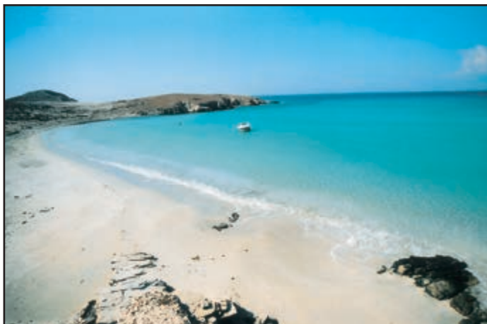
Απίστευτα γλαυκές ακρογιαλιές παντού στο αειφόρο σώμα της Ρήνειας

Μπουκάρει το τσούρμμο, σακιάζεται, αποπλέει το τρεχαντήρι του Συνεταιρισμού.
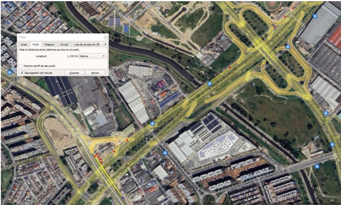
Ilustración 1. Pasos peatonales seguros de conexión entre el costado oriental y occidental de la Avenida Boyacá en la zona aledaña a intersección CL 12B.

1300 metros aproximadamente (medida realizada en https://mapas.bogota.gov.co/# ) como se puede observar en la ilustración 1.
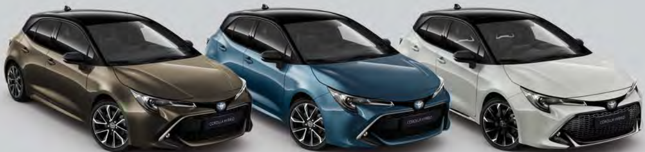
2RF Oxide Bronze Met. 2 / Night Sky Black Met.* 3
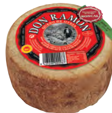
Queso mini D.O. Roncal 1 kg.

CÓDIGO: 42 EAN 13: 8427298001021 UNIDAD POR CAJA: 4
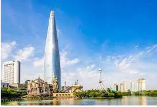
ลोटต์ โซล สกาย ทาวเวอร์
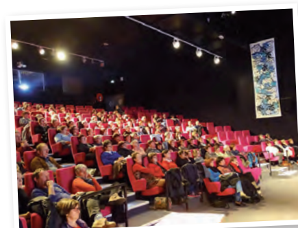
Les agents concernés par le transfert de la compétence scolaire réunis au Metullum en novembre 2015.
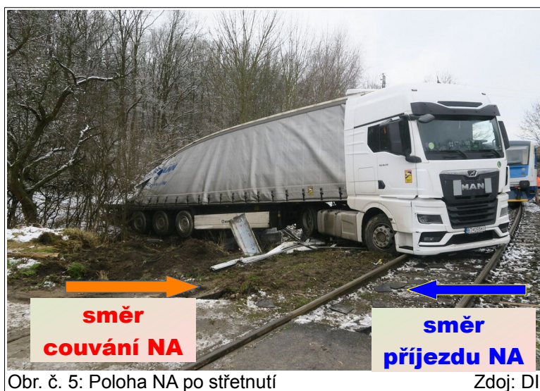
Obr. č. 5: Poloha NA po střetnutí
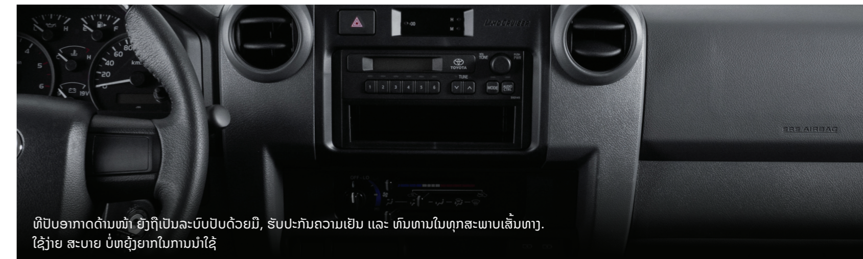
ທີປັບອາກາດດ້ານໜ້າ ຍັງຖືເປັນລະບົບປັບດ້ວຍມື, ຮັບປະກັນຄວາມເຢັນ ແລະ ທົນທານໃນທຸກສະພາບເສັ້ນທາງ. ໃຊ້ງ່າຍ ສະບາຍ ບໍ່ຫຍຸ້ງຍາກໃນການນໍາໃຊ້
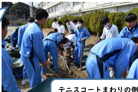
テニスコートまわりの側溝の土出し行いました。
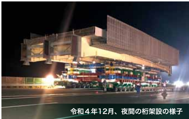
令和4年12月、夜間の桁架設の様子
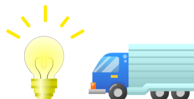
電球交換・移動販売

**Prompt**
Pictures stay out of the copy; print the material above exactly.

**Solution for this exercise**
Απίστευτα γλαυκές ακρογιαλιές παντού στο αειφόρο σώμα της Ρήνειας

Μπουκάρει το τσούρμμο, σακιάζεται, αποπλέει το τρεχαντήρι του Συνεταιρισμού.
Ilustración 1. Pasos peatonales seguros de conexión entre el costado oriental y occidental de la Avenida Boyacá en la zona aledaña a intersección CL 12B.

1300 metros aproximadamente (medida realizada en https://mapas.bogota.gov.co/# ) como se puede observar en la ilustración 1.
2RF Oxide Bronze Met. 2 / Night Sky Black Met.* 3
Queso mini D.O. Roncal 1 kg.

CÓDIGO: 42 EAN 13: 8427298001021 UNIDAD POR CAJA: 4
ลोटต์ โซล สกาย ทาวเวอร์
Les agents concernés par le transfert de la compétence scolaire réunis au Metullum en novembre 2015.
Obr. č. 5: Poloha NA po střetnutí
ທີປັບອາກາດດ້ານໜ້າ ຍັງຖືເປັນລະບົບປັບດ້ວຍມື, ຮັບປະກັນຄວາມເຢັນ ແລະ ທົນທານໃນທຸກສະພາບເສັ້ນທາງ. ໃຊ້ງ່າຍ ສະບາຍ ບໍ່ຫຍຸ້ງຍາກໃນການນໍາໃຊ້
テニスコートまわりの側溝の土出し行いました。
令和4年12月、夜間の桁架設の様子
電球交換・移動販売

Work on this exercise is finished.